Early response rates at week 4 (RVR) and week 12 (EVR) of boceprevir treatment were increased for patients who received 4 weeks of Pegintron and Rebetol therapy prior to the administration of boceprevir (62 and 79 per cent, respectively), compared to patients in the triple combination (38 and 69 per cent) and control (8 and 34 per cent) arms, respectively. In the 28-week boceprevir arms, these patients also had a reduction in viral breakthrough compared to patients in the triple combination arm (4 vs. 7 per cent, respectively).

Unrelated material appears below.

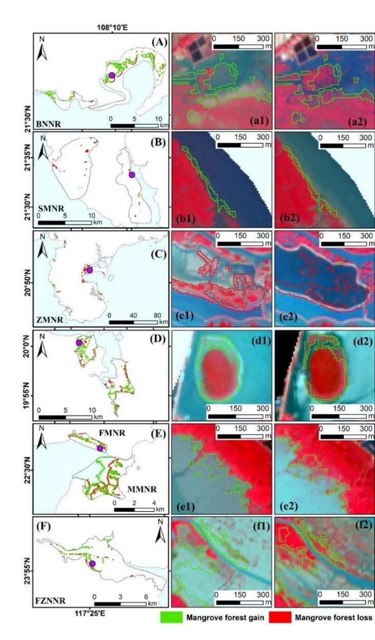 (A-E:2016-2020年保护区红树林总体变化,a1-f1,a2-f2分别为2016和2020年各保护区内典型红树林变化)

"The results seen with this novel treatment paradigm will influence the design of our future clinical studies, as we plan to consider RVR at week 4 of boceprevir treatment as the criterion for determining which patients can receive a shorter course of boceprevir therapy and which patients should continue treatment for 48 weeks," said Robert J. Spiegel, M.D., chief medical officer and senior vice president, Schering-Plough Research Institute. "Additionally, this strategy has the potential to reduce the likelihood of the development of resistance by identifying patients who are responders to interferon and ribavirin prior to their receiving a protease inhibitor."
The rationale for this novel treatment regimen is based on the fact that both Pegintron and Rebetol reach steady-state concentrations by week 4, so patients have the protease inhibitor added at a time when the backbone drug levels have been optimized. In addition, the patient's immune system will have been activated and primed by Pegintron at the time that boceprevir is added to the regimen. This approach may minimise the period of time when there is a "functional monotherapy" with a direct antiviral, potentially reducing the likelihood for the development of resistance.
The HCV SPRINT-1 study is currently ongoing at sites across the United States, Canada and Europe. Final results from the study are anticipated to be available in early 2009, and will be submitted for presentation at an appropriate medical meeting.
In the United States, Pegintron is indicated for use alone or with ribavirin for the treatment of chronic hepatitis C in patients with compensated liver disease who have not been previously treated with interferon alpha and who are at least 18 years of age.